As a student going through college, I have set out to find advice on different realms of the financial world that students may come across. I am not an expert in these fields, but with help from those significantly more educated on these topics within the SWOSU community, I plan to give advice that students can use within their own lives. This article focuses on student loans.
First, it’s important to understand exactly what a student loan is, and the different types of student loans.
There are federal loans and private loans, but the majority of the loans that students deal with are federal loans. These loan options can be seen in the SWOSU financial portal on the self-service page. Federal loans and the amount given in those loans can be determined by filling out the Federal Application for Student Aid, or FAFSA.

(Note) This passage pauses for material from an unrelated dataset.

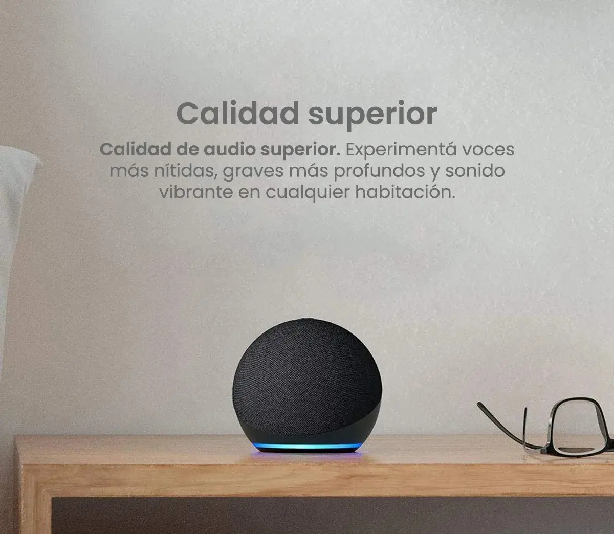Imagina despertar con tu canción favorita, escuchar las noticias mientras te preparas el café, o pedirle a Alexa que te recuerde esa reunión importante. El Echo Dot de 5ª generación no solo responde, te acompaña. Su diseño compacto y elegante se adapta a cualquier rincón, mientras su sonido mejorado llena tu espacio con claridad y profundidad que sorprenden para su tamaño.

“Most of the time, students are referring to the loans they have been offered through filling out the FAFSA,” SWOSU Loan counselor Michelle Stinson said.

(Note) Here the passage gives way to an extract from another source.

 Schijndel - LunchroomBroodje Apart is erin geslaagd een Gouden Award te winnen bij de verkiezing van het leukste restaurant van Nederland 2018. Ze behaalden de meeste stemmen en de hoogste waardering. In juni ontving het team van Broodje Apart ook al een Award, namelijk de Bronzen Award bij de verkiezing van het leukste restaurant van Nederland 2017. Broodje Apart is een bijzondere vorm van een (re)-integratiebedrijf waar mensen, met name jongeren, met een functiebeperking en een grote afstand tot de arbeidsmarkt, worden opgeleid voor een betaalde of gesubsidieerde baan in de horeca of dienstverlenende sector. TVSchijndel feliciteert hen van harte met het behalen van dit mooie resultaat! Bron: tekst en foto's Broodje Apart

Filling out FAFSA is the first step in receiving a student loan, but as to if students even need a loan, Stinson explains that you should only take one if it is needed.
“[Student loans should be taken] if they don’t have any other option,” Stinson said.
While loans should be taken if there is no other option, sometimes it is important to know how much to take. A big mistake Stinson sees is taking out more of a loan than should be taken.
“The biggest mistake they [students/family] make is they look at their account and it’s really easy just to push the accept button and they take the full amount they have been offered. Instead of doing the math beforehand,” Stinson said.
It is important to look at your specific situation, and what you will need money for, and take a loan for just the amount that is needed. One important tip that Stinson has learned is that students should be using their future salary to calculate their current loan amount.
“If a student will pay attention to what their starting salary will be once they graduate college, what that salary is, take eight percent of that. No more than that they should be taking out for student loans while they are getting their education.”